Signs You Are in the Possession of a Toddler

You step on no less than four raisins walking to the couch. You do not stop to pick them up.

Cheerios. Purse. Car floor. Bath tub. Under couch cushions. Cheerios.

You’ve mastered the deepest, surliest but quietest ”Stop. Throwing. That. Cup.” under your breath so that no one but your child can hear you striking the fear of God in them in the restaurant.

You know not to take it personally when they throw the cup anyway.

You only bother with the cute bathing suits if you’re Instagramming.

Evening out those tan lines.

Evening out those tan lines.

The standard for surfaces clean enough to eat off of has plummeted significantly.

The standard for non-food items safe enough to ingest has plummeted significantly.

There is a chip in the back windshield from that time (times?) you hurled the pacifier into the back seat in a rage after swearing this was going to be the car ride you didn’t cave in. At least you made it to the end of the driveway. You apologized later. With Cheerios.

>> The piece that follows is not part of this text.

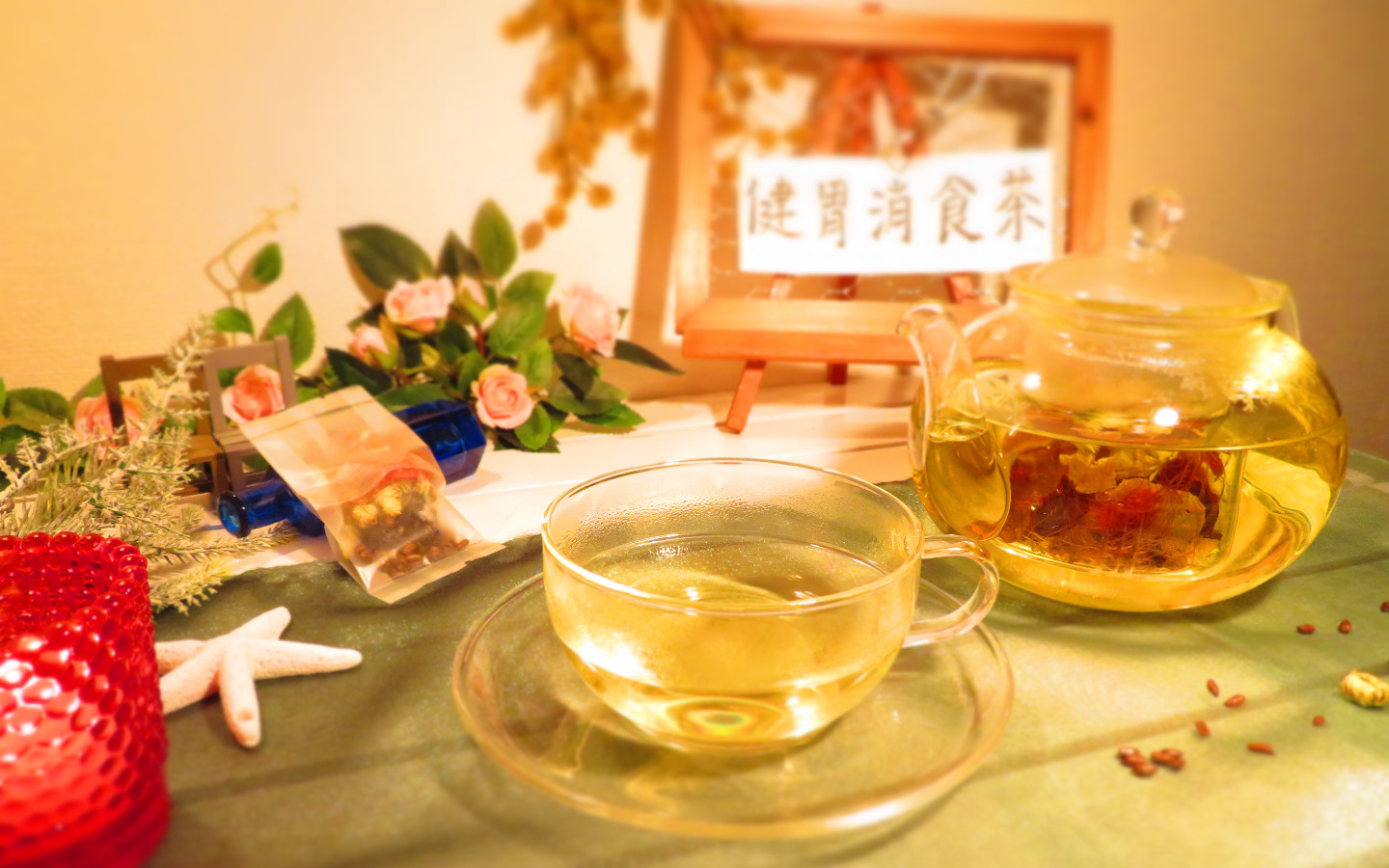 おいしい美健ブレンド茶のできあがりです!健康マーケットの美健ブレンド茶とともに充実したひと時をお過ごしください。

You stroll through the mall humming “Do you want to build a snowman?” Alone.

The walls, floor, towel, sink and bather all exit bath time wetter than the bathee.

When you see duck on the menu during date night, an involuntary “Quack! Quack!” escapes your lips.

At the playground, you find no reason to intercede when your child is forcefully hugging a stranger’s child, spread eagle in the sand throwing fistfuls of dirt in the air, or screaming incoherent but most likely baby profanities at the squirrels . No feces? No problem.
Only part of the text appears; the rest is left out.